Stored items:
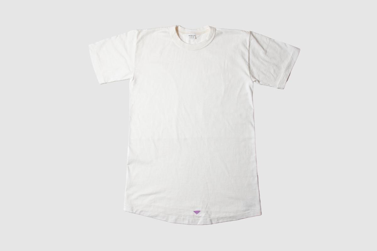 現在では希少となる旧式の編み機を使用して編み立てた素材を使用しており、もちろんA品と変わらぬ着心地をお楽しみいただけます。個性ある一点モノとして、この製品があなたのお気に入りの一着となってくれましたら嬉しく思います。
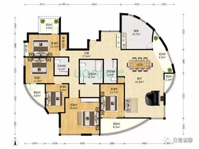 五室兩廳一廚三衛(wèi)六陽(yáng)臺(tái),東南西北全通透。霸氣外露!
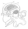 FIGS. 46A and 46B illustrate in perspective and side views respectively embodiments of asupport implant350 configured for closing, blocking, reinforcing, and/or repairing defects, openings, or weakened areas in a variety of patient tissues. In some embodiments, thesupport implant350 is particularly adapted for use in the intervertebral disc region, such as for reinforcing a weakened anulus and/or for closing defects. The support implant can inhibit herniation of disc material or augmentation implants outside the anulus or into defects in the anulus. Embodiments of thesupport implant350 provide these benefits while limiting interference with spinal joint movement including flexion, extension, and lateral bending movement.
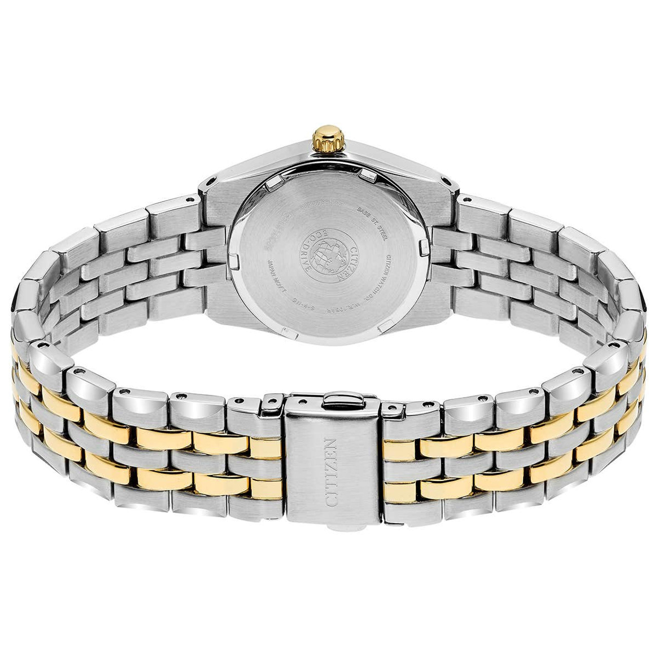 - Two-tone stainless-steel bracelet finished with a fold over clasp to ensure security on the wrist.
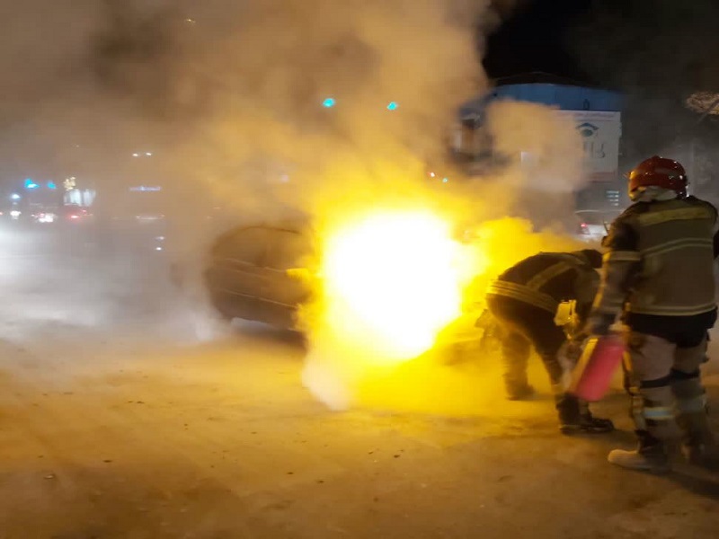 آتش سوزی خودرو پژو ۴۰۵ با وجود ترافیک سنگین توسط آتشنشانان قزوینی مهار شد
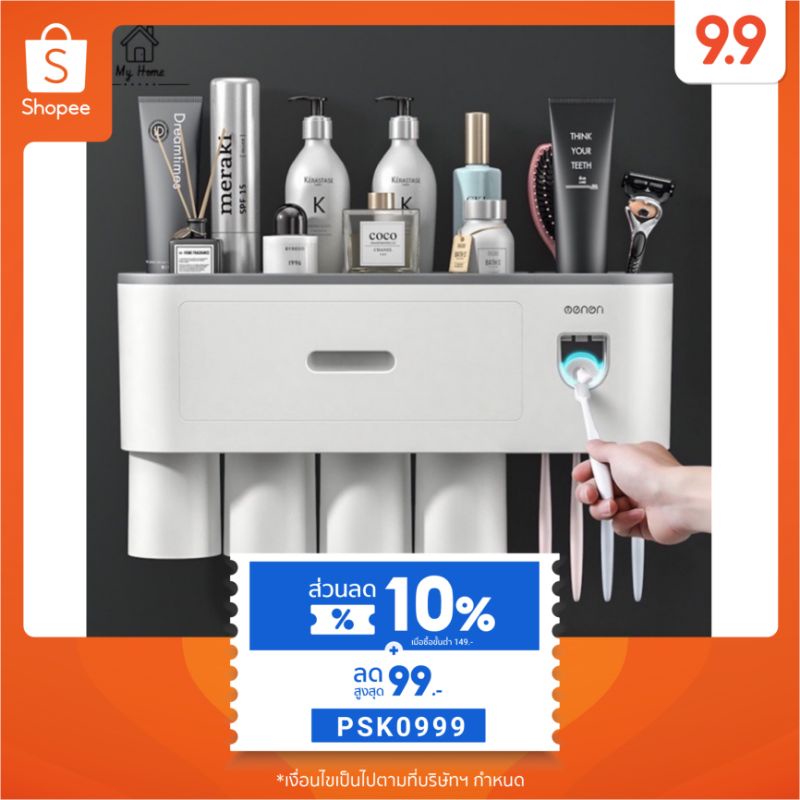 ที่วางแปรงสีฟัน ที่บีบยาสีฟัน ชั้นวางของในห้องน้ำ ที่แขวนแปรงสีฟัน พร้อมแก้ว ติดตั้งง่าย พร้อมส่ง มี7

Exercise: Skip the pictures. Restate exactly the lines from the start of the entries through the line containing "五室兩廳一廚三衛(wèi)六", both ends included.

Task solution:
 現在では希少となる旧式の編み機を使用して編み立てた素材を使用しており、もちろんA品と変わらぬ着心地をお楽しみいただけます。個性ある一点モノとして、この製品があなたのお気に入りの一着となってくれましたら嬉しく思います。
 五室兩廳一廚三衛(wèi)六陽(yáng)臺(tái),東南西北全通透。霸氣外露!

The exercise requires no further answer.